Same goes for extending any of your main service lines to detached structures. Want electric or water in that workshop? Need a permit. Want an NG wall heater in that backyard home office? Need a permit.

Some places aren't that strict... but more of them are, and it's getting worse every year. It might all be in the interest of public safety, but anytime you walk into the permit office, it's "F-you, pay me"... and Lord help you if you're walking into the permit office because they caught you doing something you shouldn't have been, then it's "F-you, pay me, twice, and we're going to ride your backside the whole time just for kicks". And then the Tax Man shows up with an astronomical assessment because you've made improvements.... sigh.

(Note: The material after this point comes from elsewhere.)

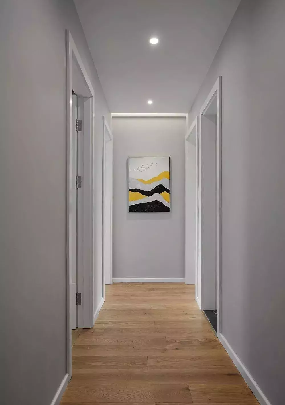 过道墙面采用灰色背景,简洁纯粹,在过道尽头的墙面上挂着一画抽象画,让视觉尽头不会无趣。
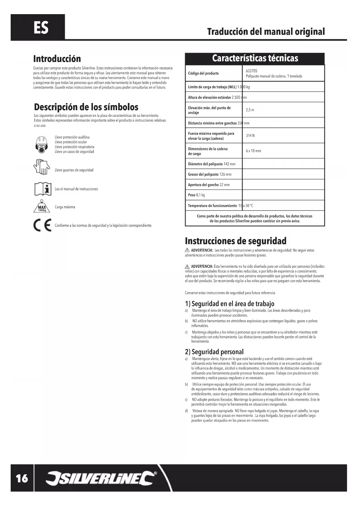 633705 - Polipasto SILVERLINE - Manual de uso y guía de instrucciones gratis

(can you tell I've had some really horrible experiences with the permit folks? Yeah, but I'm not bitter about it or anything though  )


----------



## MushCreek (Jan 7, 2008)

We're starting a barn on our property in SC, and the permit (including plumbing) was only $80 for 1350 sq ft. In other areas of the country, it could be thousands. So much depends upon your local rules.


----------



## PlicketyCat (Jul 14, 2010)

MushCreek said:


> We're starting a barn on our property in SC, and the permit (including plumbing) was only $80 for 1350 sq ft. In other areas of the country, it could be thousands. So much depends upon your local rules.


Amazing how some imaginary line on a map can have such a huge impact isn't it!? Between the HOAs, city/township, county/borough, state and federal rules there's just soooo much to investigate before you buy land you want to build on!


----------



## oracle (Jul 21, 2011)

PlicketyCat said:


> Yep, connecting the buildings with any kind of covered or enclosed walkway (especially if it's tied into the roof line) is considered an addition in most jurisdictions and subject to any permit requirements mandated by the increase footprint... regardless of whether it's new construction or not. We nearly got tagged with this when we were considering roofing over the walkway from our detached garage and house in the old house, even though both were the same age and we didn't build them... just wanted a covered walkway.
> 
> Same goes for extending any of your main service lines to detached structures. Want electric or water in that workshop? Need a permit. Want an NG wall heater in that backyard home office? Need a permit.
> 
> ...


Ya thanks. There is a lot to consider, and a lot of research to do. Especially being brand new to all this. I have much to still research. I have seen someone try to put in a window without a permit, they got caught and had to pay the permit, so I know how it is sometimes.

Everyone made some good points and things to look out for. Its good to see what others experiences are so I can take this all into consideration.


----------